一方で最近、入院中の70代後半の末期心不全の患者さんについて、在宅診療の打診がありました。この方は退院前に急変し、そのまま病院で亡くなられました。心不全でも末期がんでも、退院直後の在宅診療開始早期に急変した場合は、信頼関係を築く間もなく紹介元へ再入院となり、そのまま最期を迎えるケースもあると聞きます。病状によっては在宅診療を開始するタイミングが難しい、という経験をさせていただいたと思っております。

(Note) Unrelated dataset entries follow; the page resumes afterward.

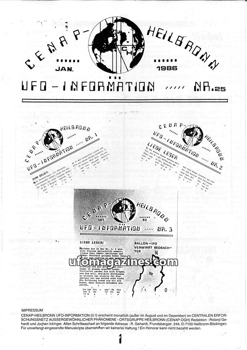 This issue of Heilbronner UFO Information, dated January 1986, marks the 25th edition and the end of its monthly publication due to editorial and personal commitments. It includes
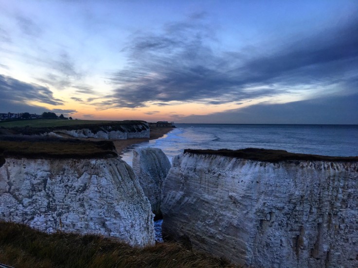 Getting there seemed easy enough, at least initially… then I realised the bussing system isn’t quite the same outside of London. I took a high speed Southeastern train from London St. Pancras to Broadstairs where I managed to find a bus that went kind of where I needed to be (using cash). I then walked for .5 mile to the hotel. Next time I’ll take a bag to carry rather than a rolling carryon (though it is small- it is noisy!). Once at the hotel, I was greeted by a gorgeous sunset and coastal chalk cliffs – not unlike the cliffs of Dover further south. The hotel was lovely and apparently quite posh during high season. I explored as much as I could around the cliffs before it got dark and cold, then I enjoyed a nice meal at the hotel restaurant and watched the movie About Time before heading to bed. The next day was a wintery mix in the morning and it was pretty miserable for .5 mile walk to the bus to then go back to the train station to catch a train to Sandwich. I called a cab and it was a brilliant idea!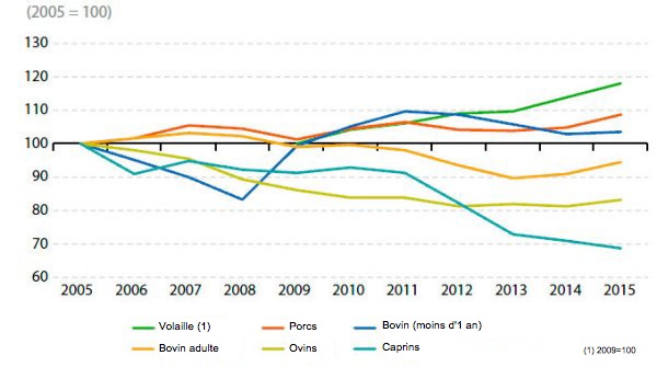 En 2015, malgré les aides au stockage privé pour la viande de porc, le prix a continué en baisse constante. En 2015, l'indice des prix de la viande de porc a diminué de 11,6% par rapport à 2014. Sur la période 2010-15, l'indice a baissé de 5,1%. Le prix moyen des porcs a été de 110 euros par 100 kg.

富田林医師会では在宅医療に力を入れており、在宅診療医をAチーム、Bチームに分けて、5月や9月の連休、夏休み、年末年始など当番制を敷いて、バックアップ体制を整えています。熱心に在宅医療主体で運営しているクリニックもありますが、当院は開業して1年、在宅医療については外来診療とのバランスをもう少し見てみたいと思います。午前は外来、午後は在宅診療のみというクリニックは開業20年以上の大先輩で、長きにわたり地域からの支持を受け、前述の信頼関係が構築されているからこそ、在宅主体にシフトできているのではないかと推察します。まずは、土台となる外来診療で地域の支持を得て、外来で支えた患者さんが受診できなくなったら、その時は在宅に出向き、看取りまでも支える。自然な流れの中で、いつのまにか在宅患者が増えていく、というのが理想です。

開業から2年目に入り、さらに地域医療に貢献していく中で、外来患者と共に少しずつ在宅患者が増えていく様、努力していきたいと思います。専門である循環器疾患を中心に生活習慣病全般、広く一般内科疾患を診療し、自分の守備範囲を超えると診断したら迅速に連携医療機関へ紹介する、開業医として当り前の役割を果たしていきたいと思います。